Francois Jacques Fleischbein
Though he painted a variety of subjects, German-born painter François Jacques Fleischbein is best known as portraitist who worked in New Orleans between 1834 and 1868.
Though he painted a variety of subjects, German-born painter François Jacques Fleischbein is best known for the portraits that he painted in New Orleans between 1834 and 1868. Fleischbein, like many other European artists, ventured to New Orleans to take advantage of the thriving market for portraiture during the mid-nineteenth century. Fleischbein painted in a style is polished, meticulous, and straightforward, influenced by the realism of the German Biedermeir movement. In some ways this microscopic attention to detail anticipated photographic portraiture, a medium he adapted later in his career.
Early Life
Born Franz Joseph Fleischbein in Godramstein, Bavaria, the artist was the son of Henry Fleischbein and Barbara Stumph. (He adopted “François Jacques,” the French translation of his German name, when he moved to New Orleans.) As a young man, Fleischbein appears to have studied art in Munich before entering the École des Beaux Arts in Paris during the early 1820s. It has been suggested that he, like Jean-Joseph Vaudechamp, was a student of Anne-Louis Girodet de Roussy-Trioson. However, Fleischbein’s mature style bears only a slight resemblance to the neoclassicism advocated by Roussy-Trioson. His early sketchbooks demonstrate his mastery of the drawing conventions taught in the École.
Fleischbein married Marie Louise Tetu Paris sometime in the late 1820s or early 1830s. Although the circumstances surrounding his departure from Europe are unclear, Fleischbein’s move to New Orleans in 1833 was no doubt motivated, at least in part, by the promise of a flourishing portrait market. Vaudechamp, the most successful portraitist in the city at the time, was earning several thousand dollars a season, a hefty sum in those days. Fleischbein seems to have known Vaudechamp and may have been encouraged by the older artist to immigrate. Whatever the reason for his relocation, Fleischbein appears to have remained in Louisiana for the rest of his life. Four children were born in Louisiana; two of them, son Ernest and daughter Emma Elizabeth, became painters.
Career in New Orleans
Fleischbein painted a wide array of subjects, including historical and mythological scenes, but focused on portraiture in Louisiana. He painted many portraits of children and men, but his depictions of Creole Louisiana ladies with elaborate—seemingly bizarre—hairstyles set in fantastic landscapes have garnered the most attention. At first glance, these portraits appear mannered and strange—as if painted by a naïve artist. Attenuated figures and other anatomical distortions, an emphasis on pattern, even lighting, and microscopic attention to detail distinguish his works from those of his French colleagues. But it is a mistake to link his style to folk painting.
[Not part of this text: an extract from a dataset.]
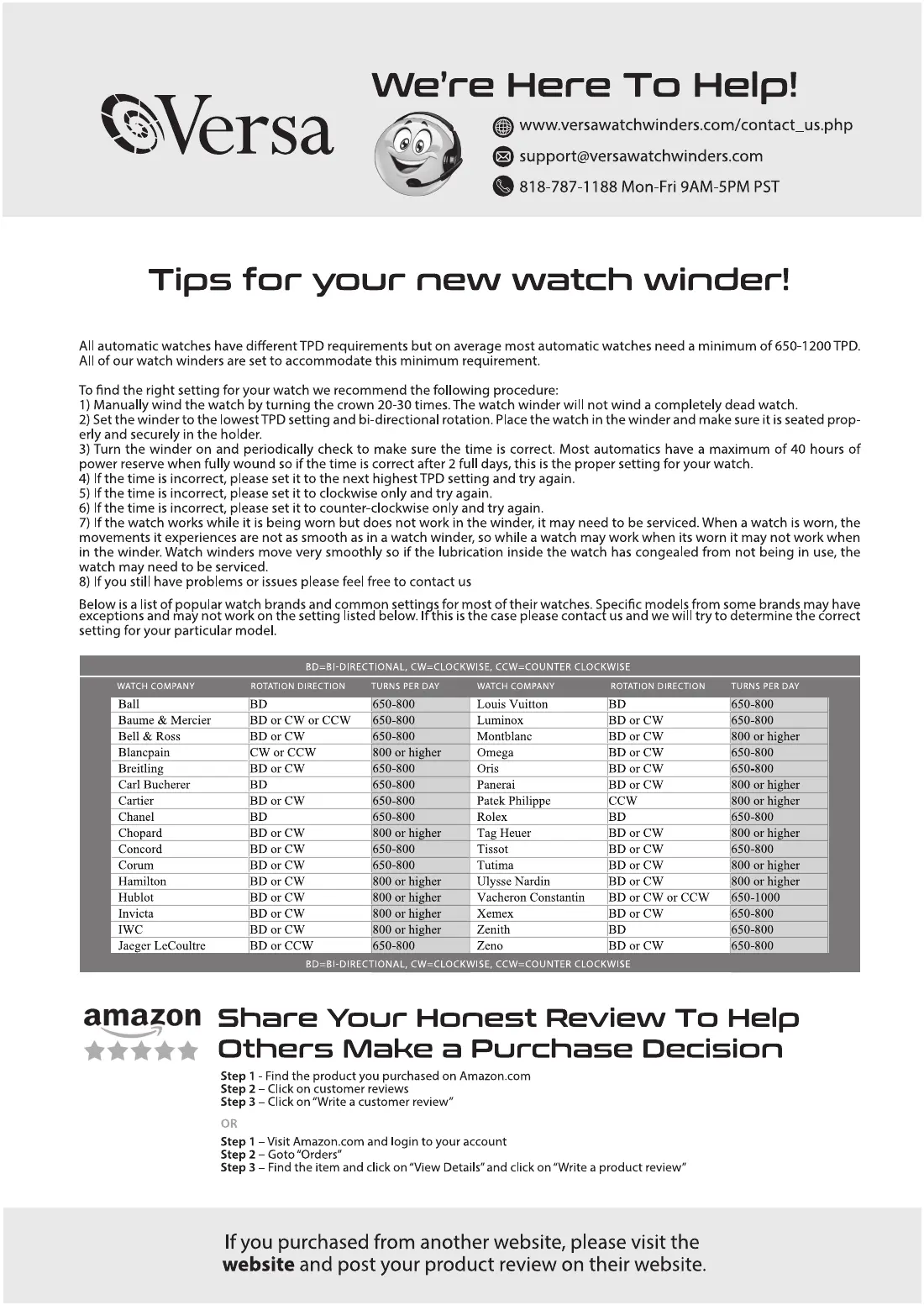 versa G084 - Watch Winder Usage Tips; TPD Setting Procedure; Troubleshooting Watch Winder Function

Fleischbein’s paintings bear many of the hallmarks of the German Biedermeir style, an early nineteenth-century artistic movement emphasizing realism. The somewhat harsh light, stark modeling, and lack of shading recall the work of prominent German artists such as Carl Joseph Begas. Indeed, Fleischbein’s use of mannerisms and distortions represent a sophisticated effort to convey a sense of middle-class comfort and moral values by painting in a straightforward and eminently legible style. According to an advertisement in the Courier on December 9, 1836, sitters could be assured that the “greatest correctness of drawing and painting is guaranteed, as well as the likeness of portraits.”
Commentators have suggested that Fleischbein’s unique style was a result of his failing eyesight. Although his eyes did begin to fail in the 1850s, it is clear that the artist’s style did not change as a result. As his vision began to fail, however, he may have increasingly turned to photography, opening a gallery specializing in ambrotypes and daguerreotypes in Faubourg Marigny in 1858.
Apart from his children Fleischbein had no direct followers, but he did have at least one student. Artist George David Coulon studied painting with him briefly about 1837. Fleischbein’s compositions presage the so-called grand manner painting in the Deep South popular on the eve of the Civil War, characterized by family groups in landscape settings. The portraits of children by artists such as William Henry Baker and fellow German émigré William Rümpler offer compelling comparisons. These artists seem to have borrowed Fleischbein’s visual language of gesture and pose to underscore the relationships among family members. Similarly, their emphasis on landscape conceived both as a pastoral setting and means of economic support can be traced to Fleischbein’s portraits of the 1830s.
Fleischbein died in New Orleans in 1868; his work is not well known outside of Louisiana. The Louisiana State Museum and Historic New Orleans Collection are among the few museums that have significant collections of his paintings. A number also remain in private collections.